Missile Defense and the Tests
What does the North Korean nuclear test have to do with missile defense? According to House Majority Leader John Boehner, quite a bit. The AP reports:
House Majority Leader John Boehner, R-Ohio, accused Democrats of standing in the way of work on a missile defense program. "It is now clear that such a position would weaken America's national defense and put Americans in danger," he said.
This is, quite simply, nonsense.
For starters, Democrats abandoned any substantial opposition to missile defense nearly five years ago. It is also almost certain that North Korea cannot reach the United States with an ICBM, making yesterday’s nuclear test largely irrelevant to national missile defense. (There are other reasons to invest something in missile defense, but yesterday’s events aren’t among them.) Boehner may think he’s scoring political points, but all he does is raise unfounded fears that they could be targets of North Korean missiles tomorrow.

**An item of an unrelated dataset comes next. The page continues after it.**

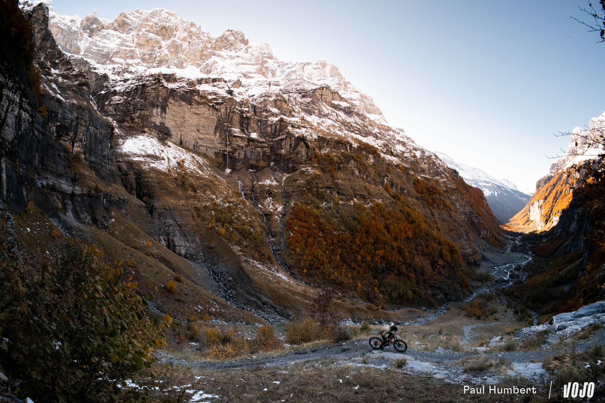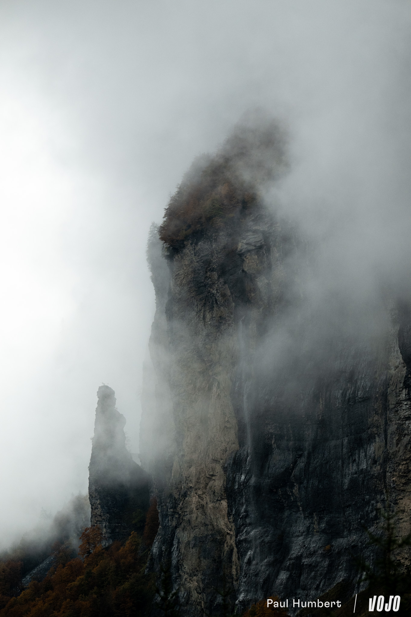 On s’est trouvé un spot prometteur, Romain était remonté à bloc et on a passé beaucoup de temps sur les bulletins météo. La fenêtre allait être serrée. La neige saupoudre les sommets, mais les feuilles d’automne ne sont pas encore tombées de leurs arbres.

While many Democrats have altered their stance on missile defense as part of their political posturing to claim to strength on national security, many work each year to slash critical funding for the program. Just this June, Sen. Levin moved to cut off funds for the Ground-based Midcourse Defense system - precisely that which would protect the U.S. homeland from a long-range North Korean missile.
While intelligence estimates vary on North korea's ability to reach the U.S. with a long-range missile, it is false to argue that yestarday's events don't merit investing in missile defense. Without dispute, North Korea demonstrated disregard for the entire international community and continued unpredictable and destabilizing behavior. Missile defense is a powerful tool in insuring our security and that of our allies against an increasingly well armed and unstable regime.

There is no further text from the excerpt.